I am volunteering on Brownsea Island today the first day island has been open since the beginning of the third lockdown in January. I will be outside all the time so it is difficult to know what to wear. It looks bright outside but it is still cold. I put on several layers under my red shirt and black fleece and then cycle to the Sandbanks jetty to get the National Trust ferry to Brownsea Island. I do not recognise many people on the boat as a lot has changed during lockdown. Several permanent members of staff have left or been made redundant and so there are a lot of new people. During the crossing on the Enterprise, the National Trust ferry for Brownsea Island, I notice a helicopter parked in the back garden of a large house that backs on to Poole Harbour. The owners must be on a flying visit.

Enterprise, the National Trust Ferry for Brownsea Island in Dorset

When I get to the island I go for a walk as I have plenty of time before the briefing at 09:50 am.

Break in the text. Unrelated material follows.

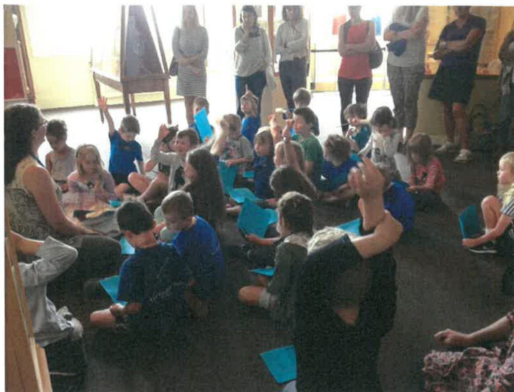
Rata Class Trip to Otago Museum last week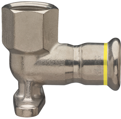
Applique coude F/filetage femelle.

Everything has changed courtesy of COVID-19 and my pier warden role is now a visitor welcome role as people arrive and queue managing as they leave. Visitors have to pre-book a 4-hour slot on the island before they can get the ferry from Poole Quay. As we only opened today there are not many bookings so it gives me a chance to get used to the new system – and time to enjoy being back in this beautiful place.

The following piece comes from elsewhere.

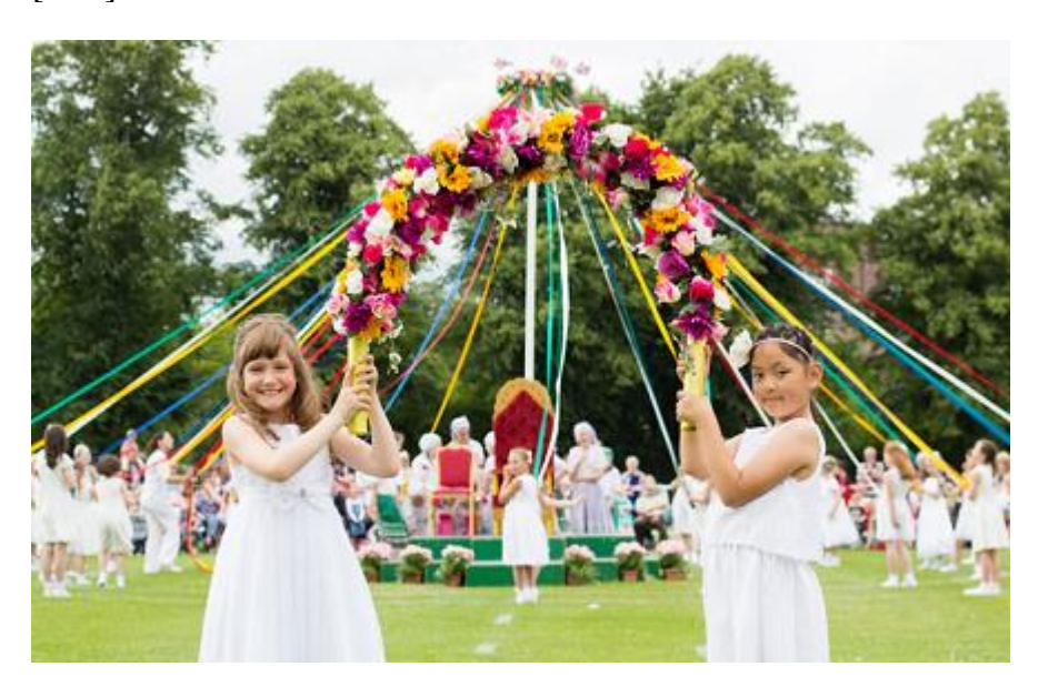
What May Day should be, happy and joyous

The Castle on Brownsea Island in Poole Harbour, Dorset

COVID-19 Update

Expert warns UK will suffer a new Covid wave this summer as lockdown restrictions are eased. Professor Adam Finn, a member of the Joint Committee on Vaccination and Immunisation (JCVI) warns that the dates set out by Boris Johnson in the lockdown roadmap may have be adjusted if there is a “significant rises in cases.” He warned Britons not to “delude” themselves that the threat of the virus had gone and said the “majority of science opinion” thought a third wave of Covid was likely “at some stage this year.”

Ministers consider free tests for UK holidaymakers by giving them free NHS lateral flow devices before they travel abroad – to be used for testing before they return to the UK. Currently all overseas holidays are illegal. But the UK government hopes to allow non-essential travel to begin on 17 May. And when it is allowed every returning traveller will need to take a Covid test before departure back to the UK, and at least one PCR test on arrival. Post-arrival PCR tests will continue to be at the traveller’s expense – costing at least £60 each.

In the News Today

Hopes fade for reconciliation as Prince Harry flies home missing the 95th birthday of his grandmother Queen Elizabeth II today. Birthday celebrations for the Queen, who is staying at Windsor Castle with around 20 staff, will be toned down to reflect a period of mourning which began on April 9 when Prince Philip died aged 99. The bells of Westminster Abbey — where the Queen was married and crowned — stayed silent on her birthday for the first time in more than a decade and there was no birthday gun salute because the monarch thought it would not be “appropriate” at the time.

Thursday 22 April 2021

Today is my weekly food shop day. Even though I can now go shopping whenever I prefer to get it done in one go. I am not a devotee of retail therapy. I make my way to the town centre via Poole Park. More trees are blossoming and the gardens are a riot of colour. The park is busy as the crazy golf course is open again and bowls and jacks are once again rolling across the perfect greens in front of the Bowls Pavilion. There is a steady flow of pedestrians along the High Street and through the Dolphin Shopping Centre. But Sainsbury’s is quiet and it does not take me long to work my way through my shopping list. I get the bus back to the flat. The number of passengers is gradually increasing day by day but there is still plenty of room on the top deck.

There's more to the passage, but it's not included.